Disease suppression in the detached leaves which treated in greenhouse: This experiment was designed to test the hypothesis that disease progress is affected by the leaf age or leaf position in the lower, middle and upper parts of the leaf position. In terms of disease suppression, all of the treatments were effective compared to the untreated, inoculated control (Table 5). The results obtained from the detached leaves experiment showed significant difference regarding disease index reduction among biological control agents of Brevibacillus. However, it was clear that in both treated potato plants, application of the mixture of Brf1 and Brb2 was more encouraging to enhancement of disease resistance compared to the separate treatment. These two Brevibacillus strains have indicated higher reduction of disease index in treated detached leaves where High reduction was obtained by Brf1+Brb2 as treatments combined on upper leaves against pathogenic isolates Alt2 followed by Alt5 where the mean of disease index recorded (1.49 and 1.7) respectively. Brf1 and Brb2 or their mixture showed significant reduction in disease index on detached leaves. Also, the observed symptoms indicated that leaf position has a significant effect on the lesion growth rate of A. alternata on leaves from upper part of the plant. However, disease index was significantly greater on untreated plots. Disease progress was showed on leaves from three parts of the plant. A disease symptom developing was low at the apex, moderate in the middle, and high in the lower part of the plants in both treatments. This is in agreement with assessments by Visker [59], Soleimani and Kirk [9]. They have found that older leaves in the lower part of the plant seemed to be more susceptible to brown leaf spot disease than younger leaves in the upper part. So, they reported that leaf position is a significant factor in potato resistance. This may be due to induce the systemic acquired resistance as a result of treatment with biocontrol agents, and their ability to stimulate the plant resistance in younger leaves faster than the older leaves [9,27,60]. There are several reports on the reliability of the detached leaflet method as a screening technique and its correlation with laboratory and field or greenhouse disease data [59,61,62]. The detached leaflet screening method indicated that this technique provides a reasonable assessment of brown leaf spot resistance, and could be a reliable screening system [9].
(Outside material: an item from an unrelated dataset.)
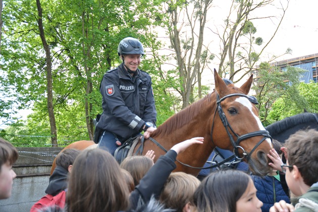 Zum Abschluss gab es für die Schülerinnen und Schüler noch drei spezielle Vorführungen: Einsatztrainer zeigten ihnen, wie eine Festnahme abläuft und die Reiter- und Diensthundführerstaffel beeindruckte die jungen Gäste mit ihren Darbietungen.

Fungal isolate Treatments Age *Mean of disease index
Alt2 Brf1 Upper 2.23 nop
Middle 3.70 jk
Lower 6.22 de
Brb2 Upper 1.82 qr
Middle 4.20 hi
Lower 6.33 de
Brf1+Brb2 Upper 1.49 r
Middle 2.80 lm
Lower 4.35 h
Cont. Upper 3.50 k
Middle 5.77 f
Lower 9.73 a
Alt4 Brf1 Upper 2.53 mno
Middle 4.30 h
Lower 6.60 d
Brb2 Upper 2.40 no
Middle 4.93 g
Lower 7.10 c
Brf1+Brb2 Upper 1.90 pq
Middle 3.10 l
Lower 5.20 g
Cont. Upper 3.90 ij
Middle 6.60 d
Lower 9.87a
  Alt5 Brf1 Upper 2.20 op
Middle 4.00 hij
Lower 6.00 ef
Brb2 Upper 2.60 mn
Middle 4.20 hi
Lower 6.50 d
Brf1+Brb2 Upper 1.70 qr
Middle 3.00 l
Lower 5.10 g
Cont. Upper 3.00 l
Middle 5.00 g
Lower 8.80 b

Table 5: Effect of biocontrol agents on potato brown spot disease index. Pretreated, detached potato leaves from different positions on plants were artificially inoculated in vitro with 50 μl suspensions containing 5 × 105 spore/ml of A. alternata.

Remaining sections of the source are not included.